Order a pizza in Moscow and the chances that a Kyrgyz delivery worker will bring it to your door are fairly high. Do the same in Bishkek and it might be a young Pakistani trying to pay his way through medical school.
Until last week, that is.
A night of lawlessness on May 17-18 that saw students from South Asia suffer mob attacks in Bishkek has underlined the fact that migrant populations inside Kyrgyzstan can be just as vulnerable to xenophobic violence as their Central Asian counterparts in Russia.
And if Kyrgyz, Tajiks, and Uzbeks have been aggressively targeted by sweeps in Russian cities since the deadly Crocus City Hall attack near Moscow in late March, then Kyrgyz authorities had been talking up their own crackdown on "illegal migration" even before the unrest in their capital.
Many locals have registered their disgust at the attacks that left several foreigners hospitalized and prompted more than 1,000 Pakistanis to abandon a country where ethnic tensions have had lethal outcomes in the past.

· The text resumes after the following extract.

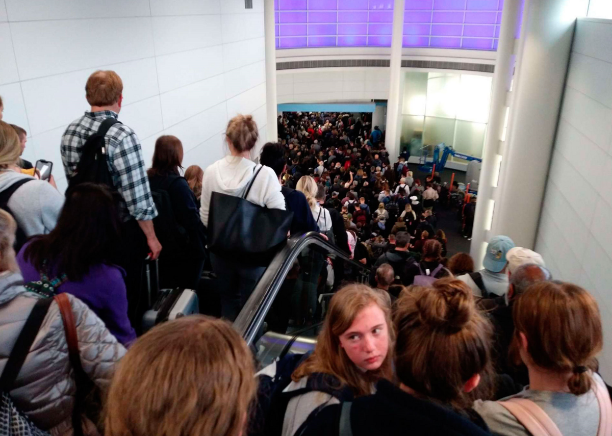 Hành khách phải chờ hàng giờ liền tại sân bay John F. Kennedy. (Ảnh: Twitter)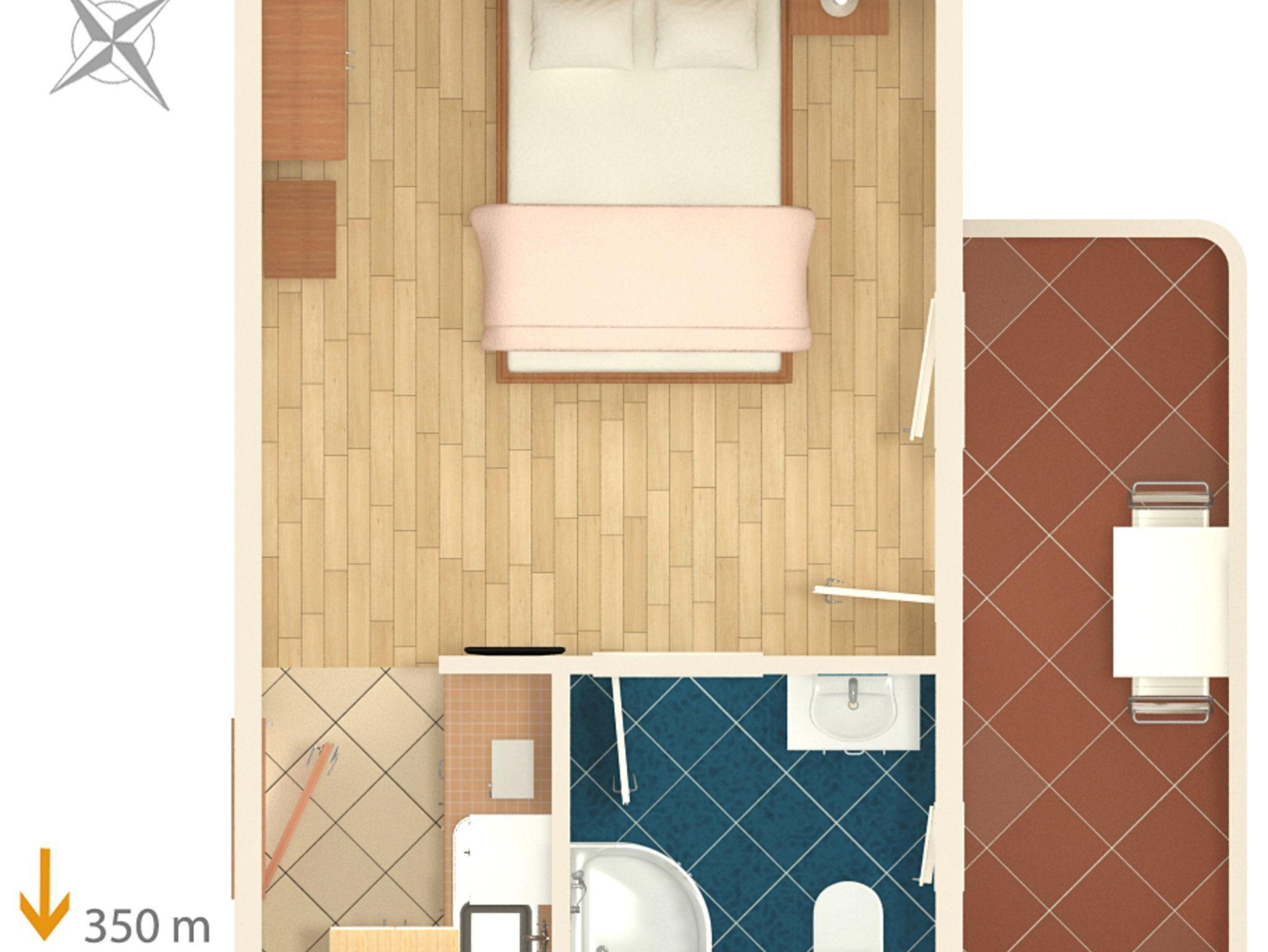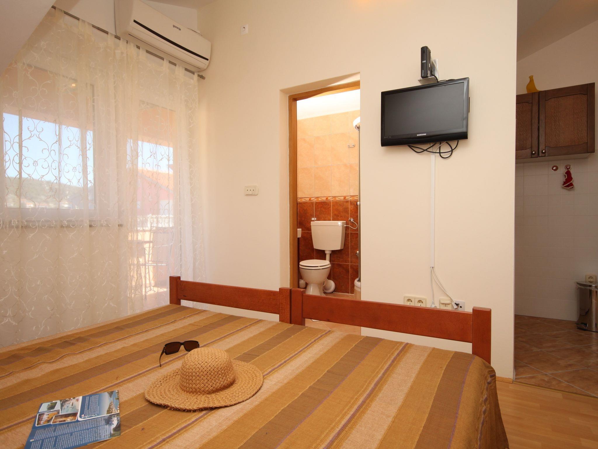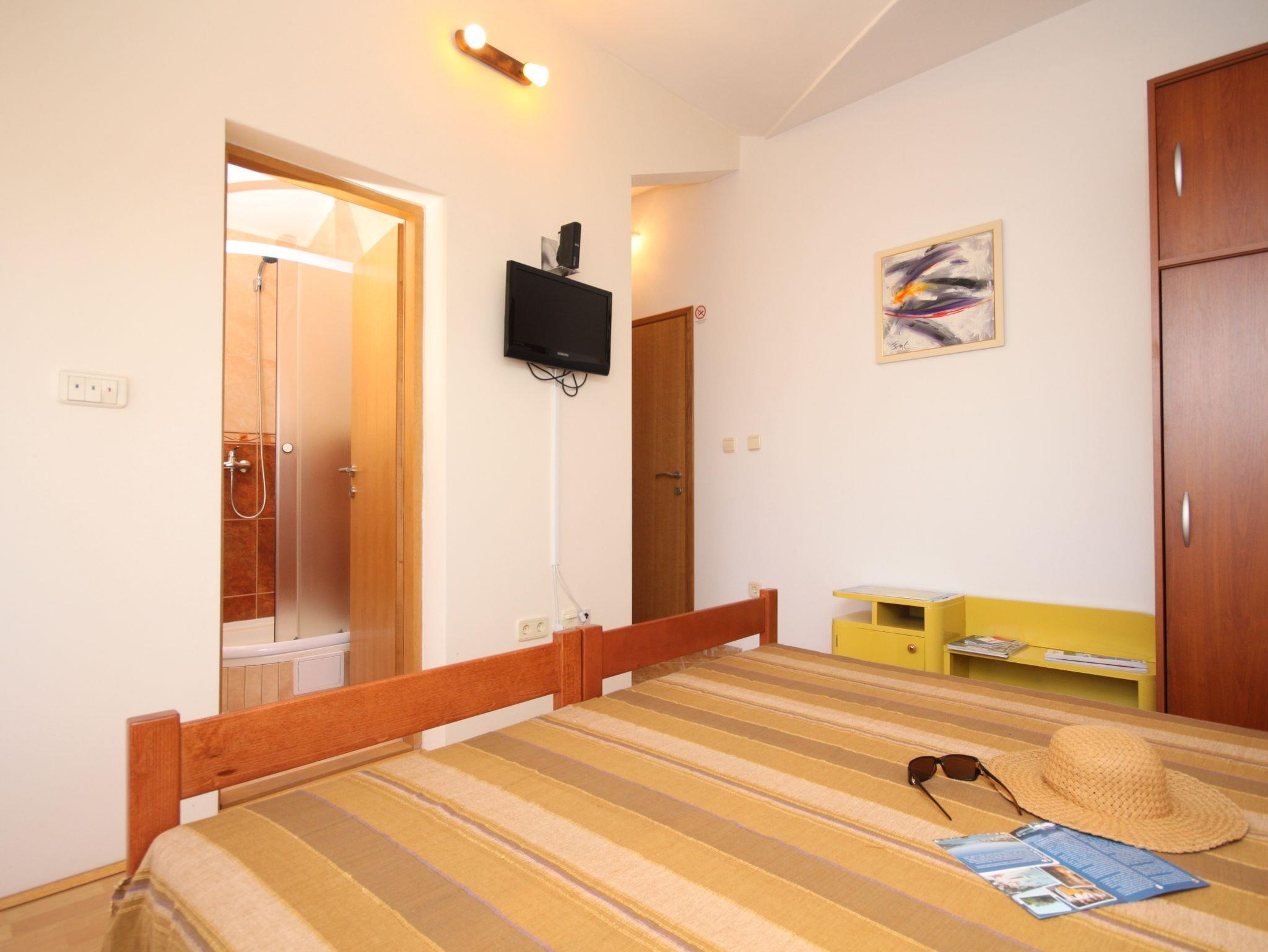 Studio bietet Platz für 2 Gäste. Die Betten sind in Schlafzimmern, die es 1 gibt, innerhalb einer Gesamtfläche von 16m2, angeordnet. Die Gäste haben eine eigene Terrasse zur Verfügung, auf der sie in warmen Sommernächten genießen können. Das Studio-Apartment bietet Meerblick. Es ist erlaubt, Speisen auf dem Gemeinschafts-Grill vorzubereiten. IM PREIS INBEGRIFFEN: Kurtaxe, Endreinigung, Klimatisierung, Parkplatz, Internet, Kinderbett, Bügeleisen, Bügelbrett, Föhn, tragbarer Grill. VERBINDLICHE ZUSÄTZLICHE KOSTEN: Aufzahlung für Kurzaufenthalte (prozentualer Zuschlag pro Nächtigungsanzahl: 30% - 1, 20% - 2, 10% - 3). UNVERBINDLICHE ZUSÄTZLICHE KOSTEN: Fahrrad (6,50 € täglich (pro Stück)). Die Verfügbarkeit zusätzlicher Dienstleistungen in Ihrem reservierten Termin und die Preise derselben (falls nicht aufgeführt) müssen im Voraus überprüft werden. Zusätzliche Dienstleistungen die in der Zahlungsaufforderung nicht aufgeführt sind werden direkt beim Vermieter bezahlt, angenommen der Gast nutzt auch diese. Ermäßigung auf den Grundpreis: Gratistag 14=13 (bei einem Aufenthalt von 14 Tagen oder mehr erhalten Sie einen Gratistag für den Aufenthalt bis 31.12.26).

Some Bishkek residents even turned their hands to volunteering, bringing food to students afraid to leave their dormitories in the aftermath of the mob rampage apparently sparked by an online video of foreign citizens brawling with locals several days before.
But the fact that Kyrgyz authorities have been actively promoting their raids on migrants suggests they are aware of growing tensions surrounding the foreign population that has grown increasingly visible in the capital.
The question, then: Why is this happening now?
Increased Quotas For Foreign Workers
Far from explicitly condemning the assaults on dormitories housing South Asians in Bishkek, Kyrgyzstan's national security chief, Kamchybek Tashiev, opined the day after the violence that the demands of a Bishkek crowd that had formed to demand action against foreigners were "to some extent correct."
For the record, Tashiev is not a security veteran who earned his current post after a steady rise through the ranks of law enforcement.
Instead, he is the country's de-facto co-ruler and President Sadyr Japarov's comrade-in-arms going back to their time as populist opposition leaders.
Much like Japarov, he is mindful of what the political base wants to hear.
In his video appeal, Tashiev described the mostly young men that police tried in vain to disperse as being agitated by "increasing numbers of students and workers from Bangladesh, Pakistan, India, Egypt, and other countries."
Following an order from Japarov to target illegal migrants this spring, Tashiev said his officers had been catching "20 or 30, or around 50" such migrants every day.
By Tashiev's count, there are still 5,000 illegals unaccounted for, despite deportations of 1,000 Bangladeshis and 1,500 Pakistanis -- figures that no official had mentioned before.
This was hardly the kind of talk to tamp down xenophobia.
But what Tashiev neglected to mention was that the government has been actively seeking laborers from South Asian countries.
In October, the Labor Ministry said it would increase the quota for 2024 for foreign workers by 50 percent, from 16,600 places to around 25,000 places.
Just under two-thirds of those placements were allocated for jobs in industry, construction, and transport, while a further 13 percent were slated for mining and 14 percent to the service and trade sectors.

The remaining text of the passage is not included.